◆ **Task goal**: Retype each entry exactly as written, and keep the pictures out of the copy.

Records from a data collection:
━━━━━━━━━━━━━━━━━━━━━━━━━━━━━━

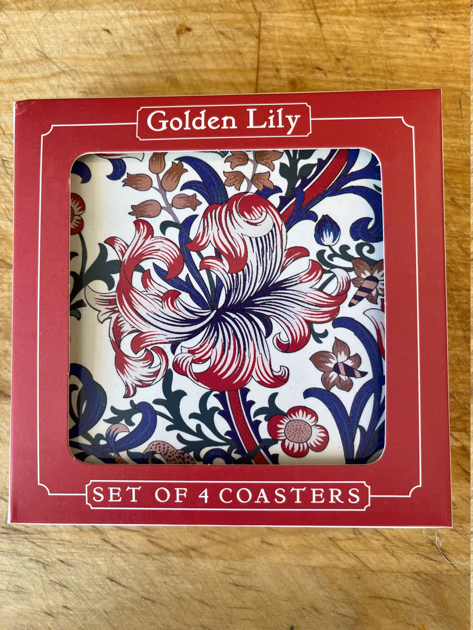 4 st glasunderlägg med kork i William Morris populära mönster Golden Lily.
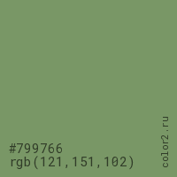Цвет #799766 в цветовой модели RGB обозначается тремя октетами (121, 151, 102) в десятичном формате и #799766 в шестнадцатиричном (hex) формате, которые являются интенсивностью красного 121 (hex 79), интенсивность зелёного 151 (hex 97) и интенсивность синего 102 (hex 66).
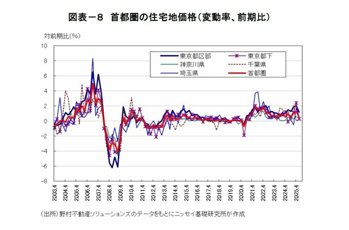 また、野村不動産ソリューションズによると、首都圏住宅地価格の変動率(7/1時点)は前期比+0.5%(前回+1.3%)となり20四半期連続でプラスとなった。
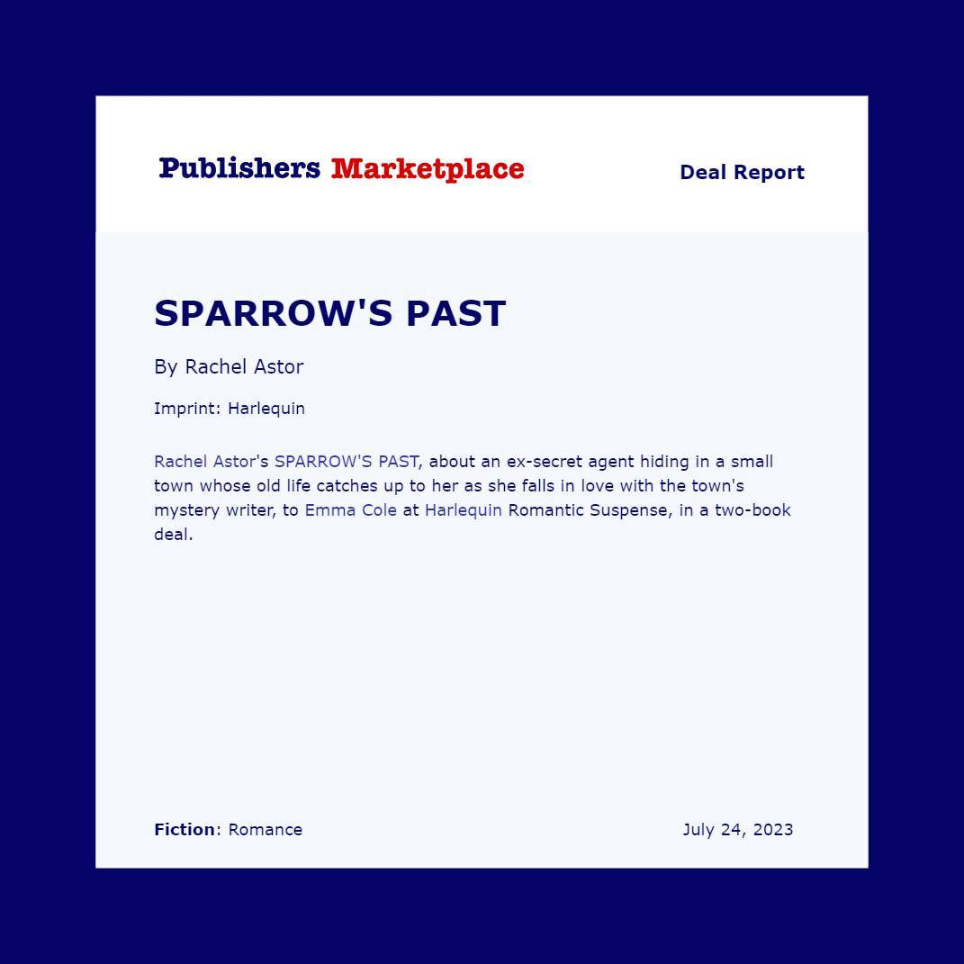 Welcome!Thanks so much for visiting! Take a look around and keep an eye on this page for publishing news, course updates, upcoming releases, and what Iām up to. Rachel Astor 7/29/23 Rachel Astor 7/29/23 More Romantic Suspense Coming Your Way! Read More Newer Posts Older Posts
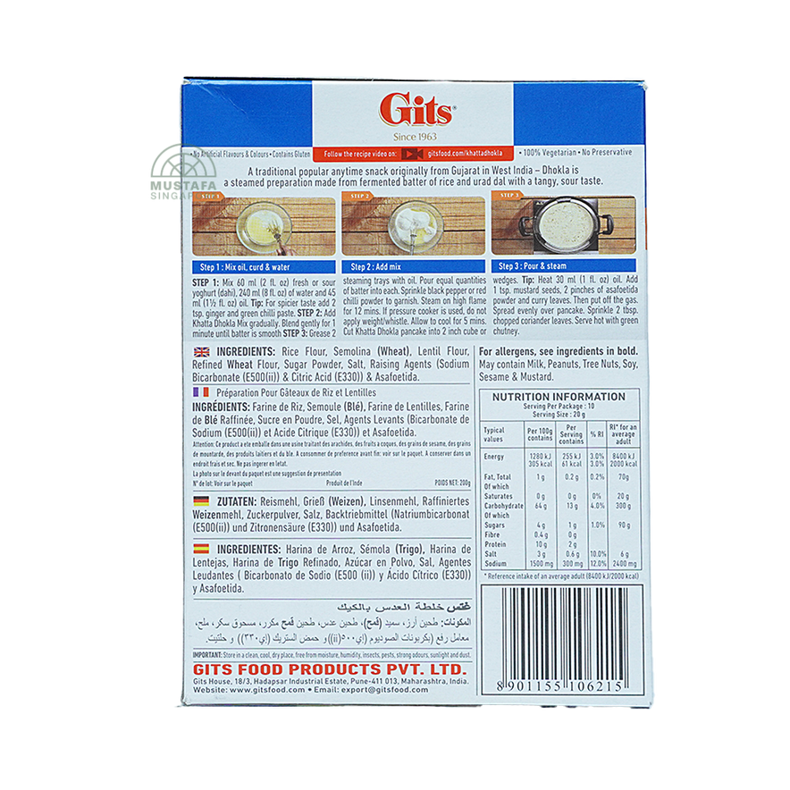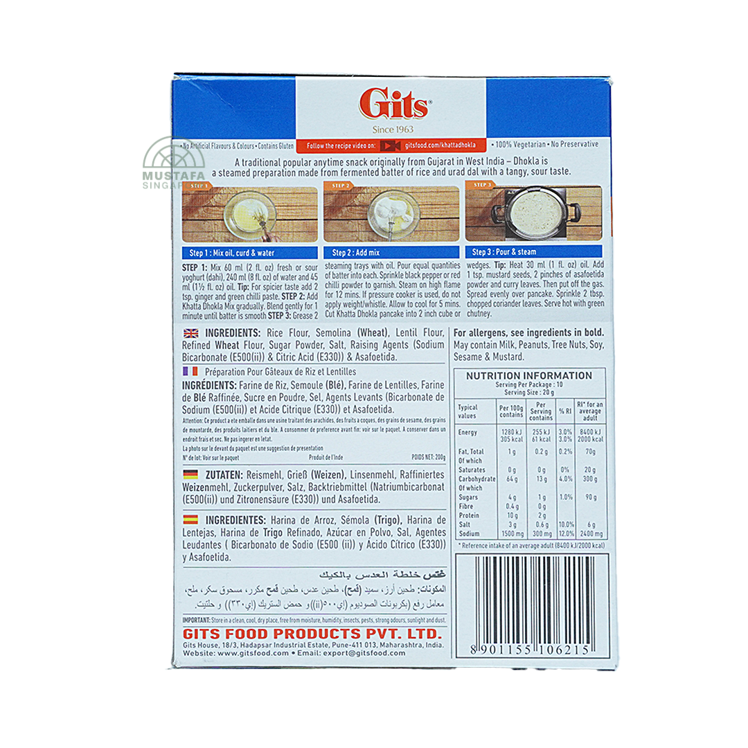 Gits Khatta Dhokla 200g is a convenient mix to make soft, tangy, and spongy Khatta Dhokla at home. Quick to prepare, it's perfect for a light snack or breakfast, delivering the authentic taste of traditional Indian cuisine in every bite.
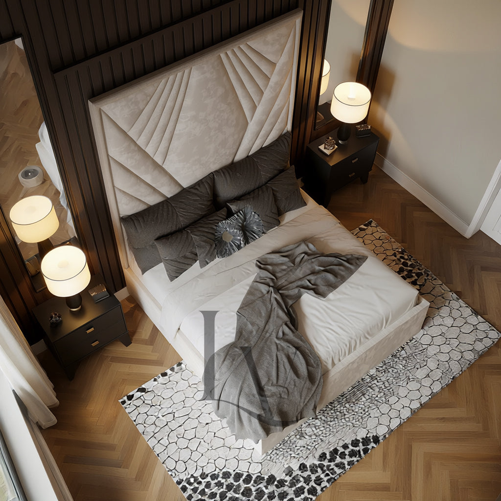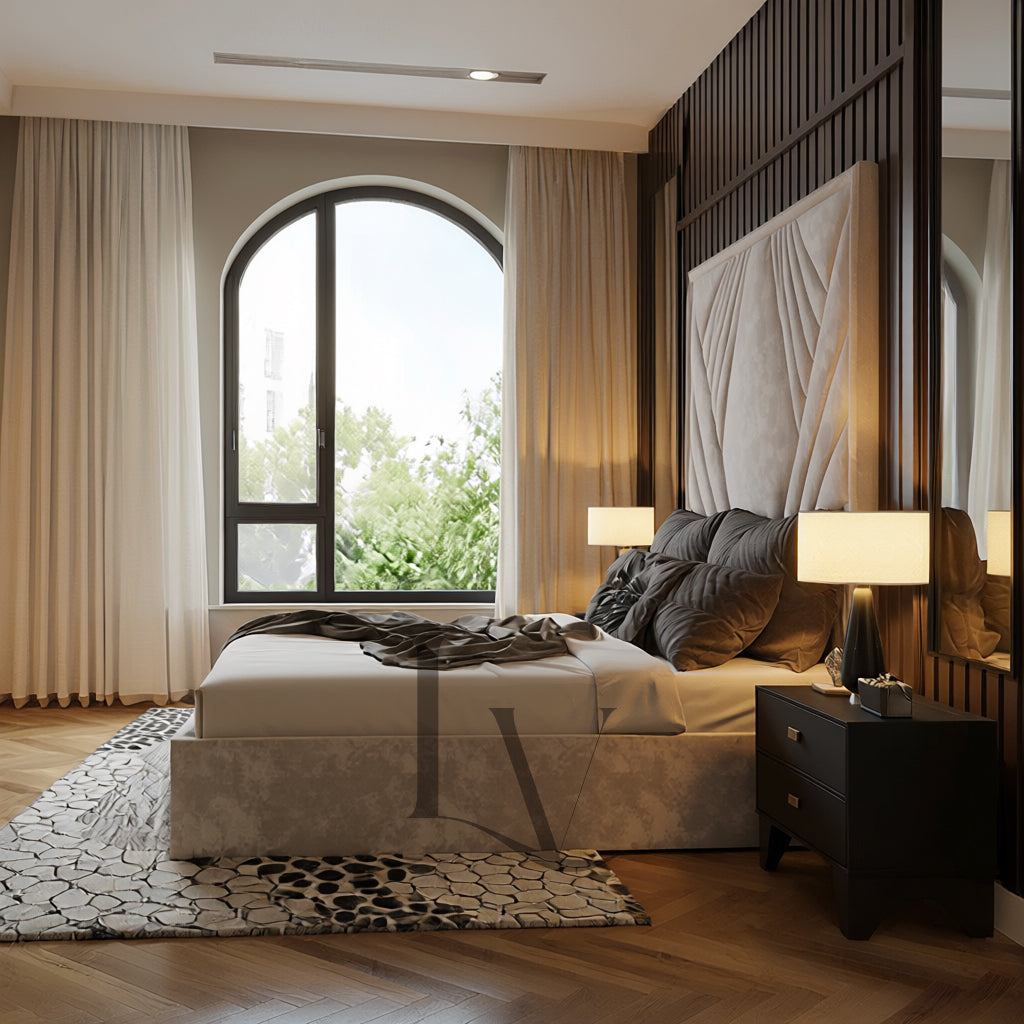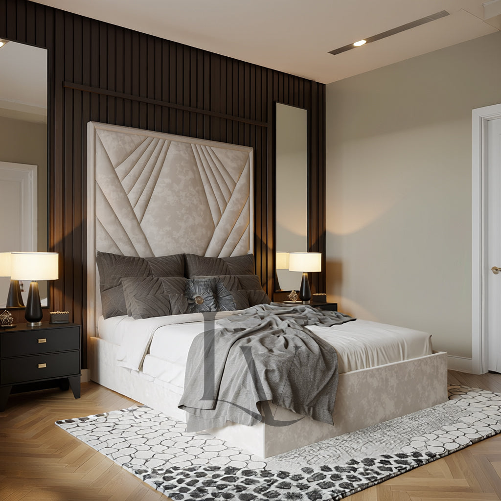 The Verona is a sculptural masterpiece crafted for those who appreciate bold design wrapped in refined elegance. With its striking Art Deco–inspired fan-panel headboard, the Verona instantly becomes the focal point of any luxury bedroom. Each panel is meticulously upholstered to create a dramatic, sunburst effect that adds depth, texture, and architectural beauty to your space.

━━━━━━━━━━━━━━━━━━━━━━━━━━━━━━

◆ **Written answer**:
 4 st glasunderlägg med kork i William Morris populära mönster Golden Lily.
Цвет #799766 в цветовой модели RGB обозначается тремя октетами (121, 151, 102) в десятичном формате и #799766 в шестнадцатиричном (hex) формате, которые являются интенсивностью красного 121 (hex 79), интенсивность зелёного 151 (hex 97) и интенсивность синего 102 (hex 66).
 また、野村不動産ソリューションズによると、首都圏住宅地価格の変動率(7/1時点)は前期比+0.5%(前回+1.3%)となり20四半期連続でプラスとなった。
 Welcome!Thanks so much for visiting! Take a look around and keep an eye on this page for publishing news, course updates, upcoming releases, and what Iām up to. Rachel Astor 7/29/23 Rachel Astor 7/29/23 More Romantic Suspense Coming Your Way! Read More Newer Posts Older Posts
 Gits Khatta Dhokla 200g is a convenient mix to make soft, tangy, and spongy Khatta Dhokla at home. Quick to prepare, it's perfect for a light snack or breakfast, delivering the authentic taste of traditional Indian cuisine in every bite.
 The Verona is a sculptural masterpiece crafted for those who appreciate bold design wrapped in refined elegance. With its striking Art Deco–inspired fan-panel headboard, the Verona instantly becomes the focal point of any luxury bedroom. Each panel is meticulously upholstered to create a dramatic, sunburst effect that adds depth, texture, and architectural beauty to your space.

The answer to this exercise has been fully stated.